En Siria, país regionalmente decisivo, manda con mano de hierro y leyes de emergencia un partido único desde hace 50 años, el Baaz. Damasco es el más estrecho aliado de Irán y apoya sin fisuras a milicias integristas como Hamás, en Gaza, y Hezbolá, en Líbano. También en Siria, un país donde nada se mueve sin el beneplácito del poder, la extensión de las protestas, pese a las cosméticas medidas económicas recientes, indica que el rechazo al régimen del presidente Bachar el Asad (continuador de la dictadura de su padre) proviene no de una oposición política prácticamente virtual, sino, como en el resto del contagiado mundo árabe, de la insoportable amargura de una ciudadanía inmemorialmente oprimida.

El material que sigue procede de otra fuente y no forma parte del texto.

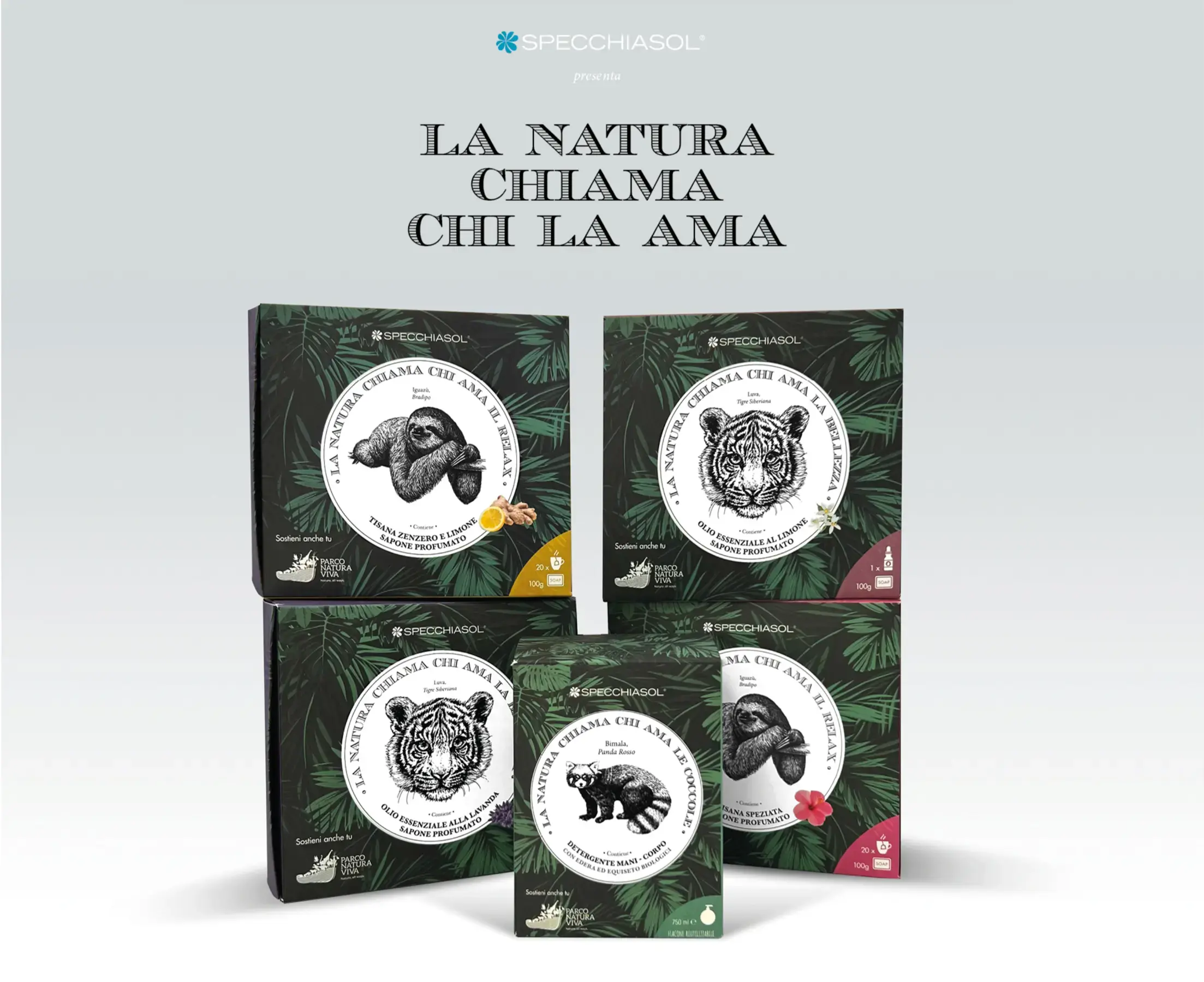 Ci siamo presi cura di chi si prende cura del benessere della persona e anche delle specie a rischio di estinzione. “La Natura chiama chi la ama” è la linea di prodotti firmata Specchiasol a tutela degli animali ospiti di Parco Natura Viva: un progetto a cui abbiamo dato un’identità ideando concept, naming, visual, video, grafica dei 5 cofanetti e dei prodotti contenuti all’interno, materiale per il punto vendita e folder di vendita.

Yemen, donde el tinglado feudal de 32 años se viene abajo por momentos, plantea un problema añadido a las potencias occidentales, y a EE UU en particular. Saleh, aliado privilegiado en la zona de la Casa Blanca, ha sido una pieza clave en la lucha contra Al Qaeda, que tiene en ese país de la península Arábiga una de sus ramas más activas. Washington ha armado y entrenado durante años a unidades especiales del Ejército yemení bajo control directo del presidente o sus hijos.

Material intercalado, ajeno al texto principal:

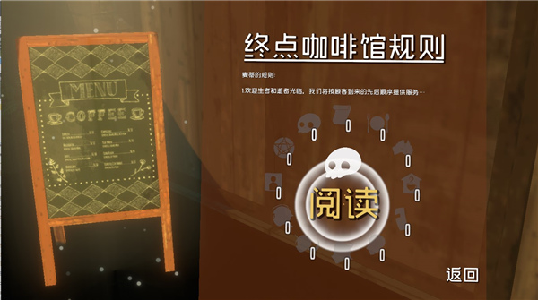 终点咖啡馆游戏玩法简单,和传统视觉小说类似,主要是通过简单的互动和点击。期间玩家将扮演女主角麦蒂经营咖啡馆,人们会在这里度过人生的最后二十四小时。你可以好好告别这段人生,也可以继续探索这家谜题重重的咖啡馆,或者跟通幽术咖啡师和两百多岁的帅哥服务生交朋友,游戏故事的剧情全由玩家来推进。另外,值得一提是游戏的音乐和配乐阵容非常豪华,由 Kevin Penkin 亲自操刀制作的游戏原声,全程中文语音,由森中人等多位国内知名声优献声,致力于带给玩家前所未有的3D视觉小说体验。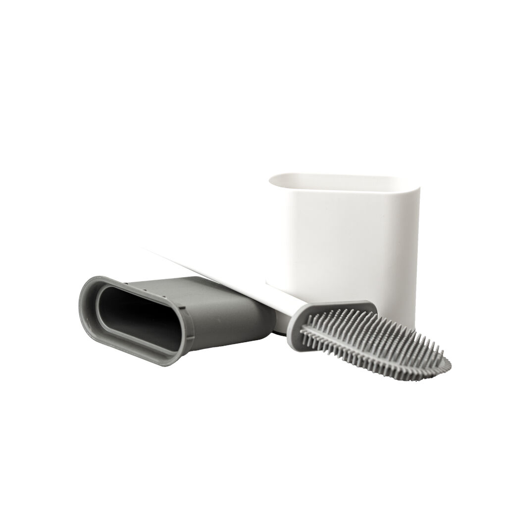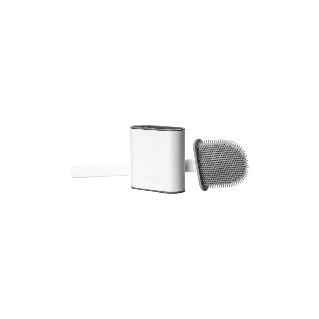 Schicke und gut gestaltete Toilettenbürste, die leicht in enge Toilettenräume passt. Der Behälter hat eine doppelte Schicht, um die Bürste trocken und einsatzbereit zu halten. Einfache Installation dank des mitgelieferten Montagebands.

La falta de una clara alternativa política en Saná pone en un brete a Barack Obama, que, como en el caso de Túnez o Egipto, ha sido cogido a contrapié por los acontecimientos y debe recalcular su estrategia regional a corto plazo. Con variables, además, tan desestabilizadoras como una nueva guerra civil o una pugna de facciones militares dentro del régimen yemení.
26 Marzo 2011
Una violencia que ya no intimida
Ninguna certeza en el mundo árabe parece ya cierta, nada está escrito en piedra y tampoco la solidez granítica de los regímenes. Muchos surgen en plena Guerra Fría, y a medida que se ha ido diluyendo su influencia, muchos se han visto seriamente sacudidos o derrocados.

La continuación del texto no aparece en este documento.